*Data excerpts*:
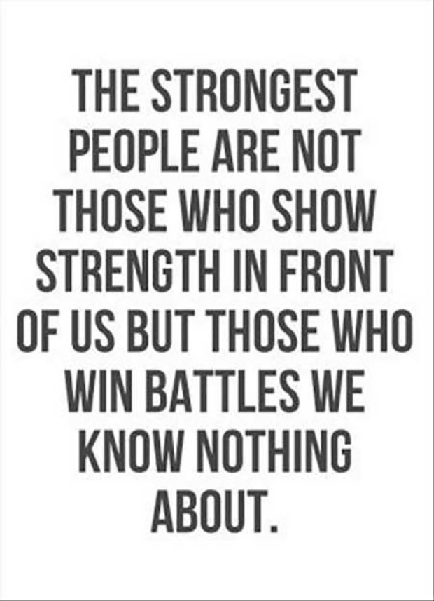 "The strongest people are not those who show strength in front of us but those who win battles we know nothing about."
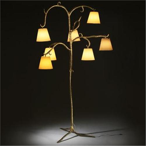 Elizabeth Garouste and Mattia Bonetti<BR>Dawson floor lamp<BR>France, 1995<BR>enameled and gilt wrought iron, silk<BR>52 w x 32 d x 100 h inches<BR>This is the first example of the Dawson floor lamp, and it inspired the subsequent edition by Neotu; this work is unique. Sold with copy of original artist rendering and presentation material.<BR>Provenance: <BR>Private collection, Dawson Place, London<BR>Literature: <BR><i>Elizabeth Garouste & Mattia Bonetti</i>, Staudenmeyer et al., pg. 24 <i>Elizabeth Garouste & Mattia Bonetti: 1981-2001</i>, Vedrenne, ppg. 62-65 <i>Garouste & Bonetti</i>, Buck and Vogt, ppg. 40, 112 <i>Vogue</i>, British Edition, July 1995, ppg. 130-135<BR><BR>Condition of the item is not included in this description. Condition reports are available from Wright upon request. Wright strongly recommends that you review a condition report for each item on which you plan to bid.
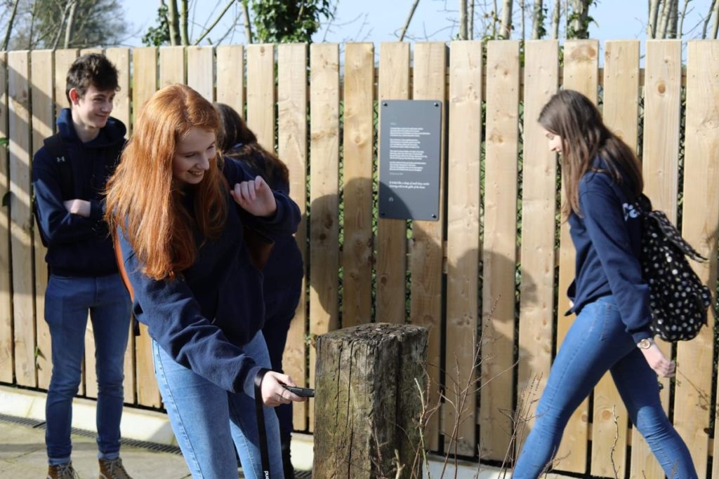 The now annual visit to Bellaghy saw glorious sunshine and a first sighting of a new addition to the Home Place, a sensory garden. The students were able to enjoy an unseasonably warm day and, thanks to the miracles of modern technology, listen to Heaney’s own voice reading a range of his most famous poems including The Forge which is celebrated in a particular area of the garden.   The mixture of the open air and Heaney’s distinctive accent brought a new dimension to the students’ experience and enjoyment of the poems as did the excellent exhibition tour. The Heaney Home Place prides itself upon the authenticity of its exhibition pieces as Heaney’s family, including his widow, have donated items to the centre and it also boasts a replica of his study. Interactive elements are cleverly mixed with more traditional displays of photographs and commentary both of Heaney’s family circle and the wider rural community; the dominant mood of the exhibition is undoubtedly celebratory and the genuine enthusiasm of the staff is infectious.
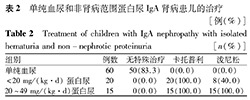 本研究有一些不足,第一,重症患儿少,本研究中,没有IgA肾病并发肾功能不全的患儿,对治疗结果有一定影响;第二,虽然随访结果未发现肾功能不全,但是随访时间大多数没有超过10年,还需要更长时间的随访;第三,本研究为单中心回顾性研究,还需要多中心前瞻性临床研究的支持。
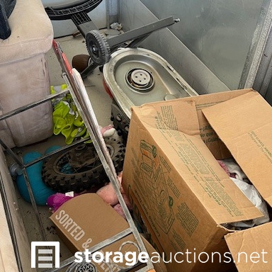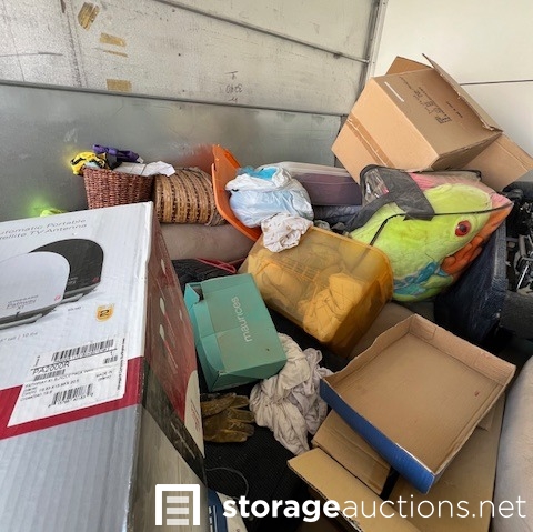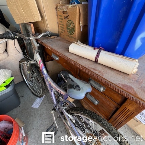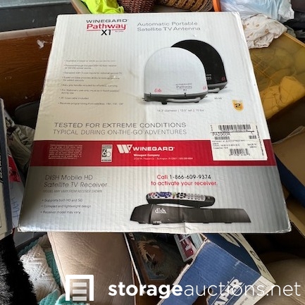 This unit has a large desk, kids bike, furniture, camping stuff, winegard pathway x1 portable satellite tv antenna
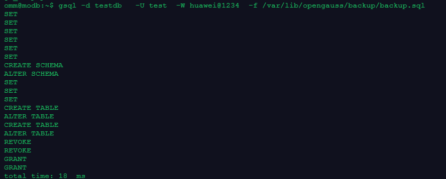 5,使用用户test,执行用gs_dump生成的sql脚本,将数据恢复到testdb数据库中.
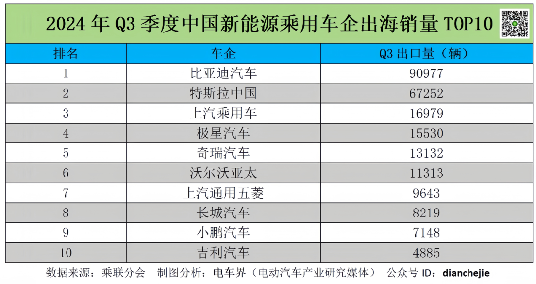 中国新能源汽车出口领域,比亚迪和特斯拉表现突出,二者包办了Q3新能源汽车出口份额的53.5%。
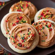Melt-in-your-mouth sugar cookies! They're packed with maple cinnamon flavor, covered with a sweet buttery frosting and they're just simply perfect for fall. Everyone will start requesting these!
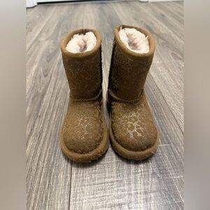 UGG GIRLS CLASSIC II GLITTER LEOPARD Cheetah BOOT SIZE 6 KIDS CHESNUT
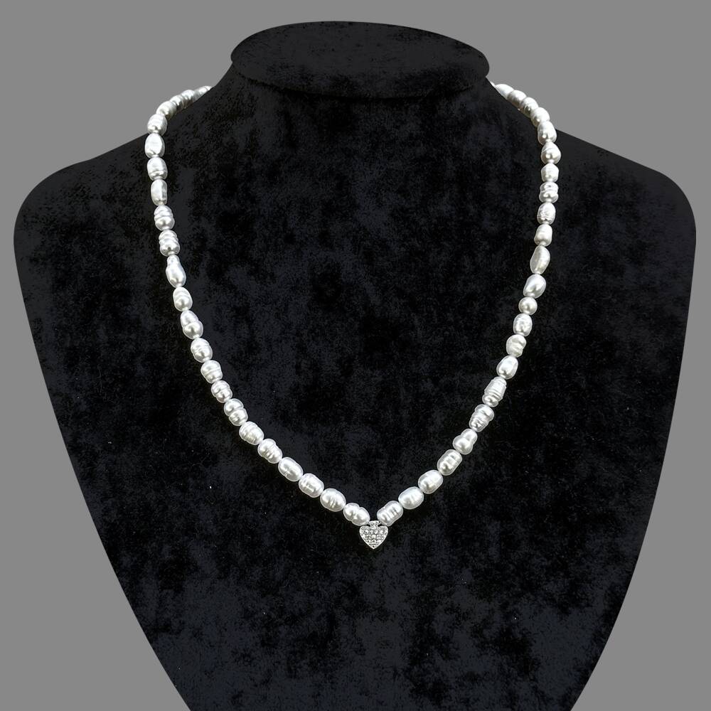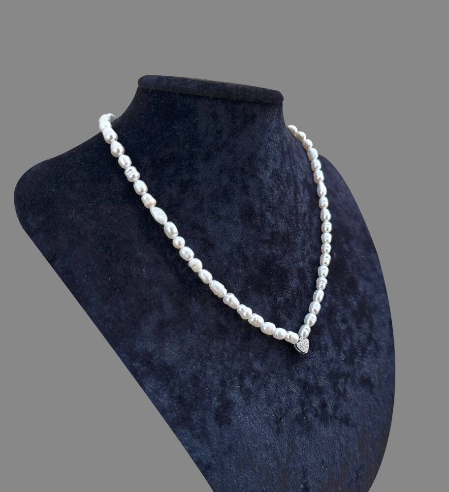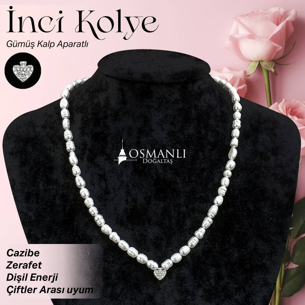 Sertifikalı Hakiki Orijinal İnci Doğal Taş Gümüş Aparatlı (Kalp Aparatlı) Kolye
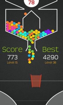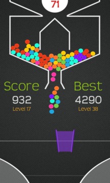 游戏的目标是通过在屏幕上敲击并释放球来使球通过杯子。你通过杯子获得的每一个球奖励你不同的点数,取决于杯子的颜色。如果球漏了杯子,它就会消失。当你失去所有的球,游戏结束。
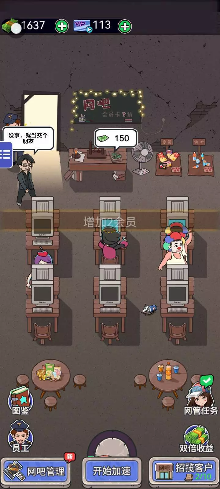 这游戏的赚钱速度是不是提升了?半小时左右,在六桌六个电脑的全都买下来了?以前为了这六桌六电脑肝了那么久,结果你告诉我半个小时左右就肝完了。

*WHAT NEEDS TO BE DONE*: Set down a word-for-word copy of the records, dropping any picture.

*SOLUTION TO THIS PROBLEM*:
 "The strongest people are not those who show strength in front of us but those who win battles we know nothing about."
 Elizabeth Garouste and Mattia Bonetti<BR>Dawson floor lamp<BR>France, 1995<BR>enameled and gilt wrought iron, silk<BR>52 w x 32 d x 100 h inches<BR>This is the first example of the Dawson floor lamp, and it inspired the subsequent edition by Neotu; this work is unique. Sold with copy of original artist rendering and presentation material.<BR>Provenance: <BR>Private collection, Dawson Place, London<BR>Literature: <BR><i>Elizabeth Garouste & Mattia Bonetti</i>, Staudenmeyer et al., pg. 24 <i>Elizabeth Garouste & Mattia Bonetti: 1981-2001</i>, Vedrenne, ppg. 62-65 <i>Garouste & Bonetti</i>, Buck and Vogt, ppg. 40, 112 <i>Vogue</i>, British Edition, July 1995, ppg. 130-135<BR><BR>Condition of the item is not included in this description. Condition reports are available from Wright upon request. Wright strongly recommends that you review a condition report for each item on which you plan to bid.
 The now annual visit to Bellaghy saw glorious sunshine and a first sighting of a new addition to the Home Place, a sensory garden. The students were able to enjoy an unseasonably warm day and, thanks to the miracles of modern technology, listen to Heaney’s own voice reading a range of his most famous poems including The Forge which is celebrated in a particular area of the garden.   The mixture of the open air and Heaney’s distinctive accent brought a new dimension to the students’ experience and enjoyment of the poems as did the excellent exhibition tour. The Heaney Home Place prides itself upon the authenticity of its exhibition pieces as Heaney’s family, including his widow, have donated items to the centre and it also boasts a replica of his study. Interactive elements are cleverly mixed with more traditional displays of photographs and commentary both of Heaney’s family circle and the wider rural community; the dominant mood of the exhibition is undoubtedly celebratory and the genuine enthusiasm of the staff is infectious.
 本研究有一些不足,第一,重症患儿少,本研究中,没有IgA肾病并发肾功能不全的患儿,对治疗结果有一定影响;第二,虽然随访结果未发现肾功能不全,但是随访时间大多数没有超过10年,还需要更长时间的随访;第三,本研究为单中心回顾性研究,还需要多中心前瞻性临床研究的支持。
 This unit has a large desk, kids bike, furniture, camping stuff, winegard pathway x1 portable satellite tv antenna
 5,使用用户test,执行用gs_dump生成的sql脚本,将数据恢复到testdb数据库中.
 中国新能源汽车出口领域,比亚迪和特斯拉表现突出,二者包办了Q3新能源汽车出口份额的53.5%。
Melt-in-your-mouth sugar cookies! They're packed with maple cinnamon flavor, covered with a sweet buttery frosting and they're just simply perfect for fall. Everyone will start requesting these!
 UGG GIRLS CLASSIC II GLITTER LEOPARD Cheetah BOOT SIZE 6 KIDS CHESNUT
 Sertifikalı Hakiki Orijinal İnci Doğal Taş Gümüş Aparatlı (Kalp Aparatlı) Kolye
 游戏的目标是通过在屏幕上敲击并释放球来使球通过杯子。你通过杯子获得的每一个球奖励你不同的点数,取决于杯子的颜色。如果球漏了杯子,它就会消失。当你失去所有的球,游戏结束。
 这游戏的赚钱速度是不是提升了?半小时左右,在六桌六个电脑的全都买下来了?以前为了这六桌六电脑肝了那么久,结果你告诉我半个小时左右就肝完了。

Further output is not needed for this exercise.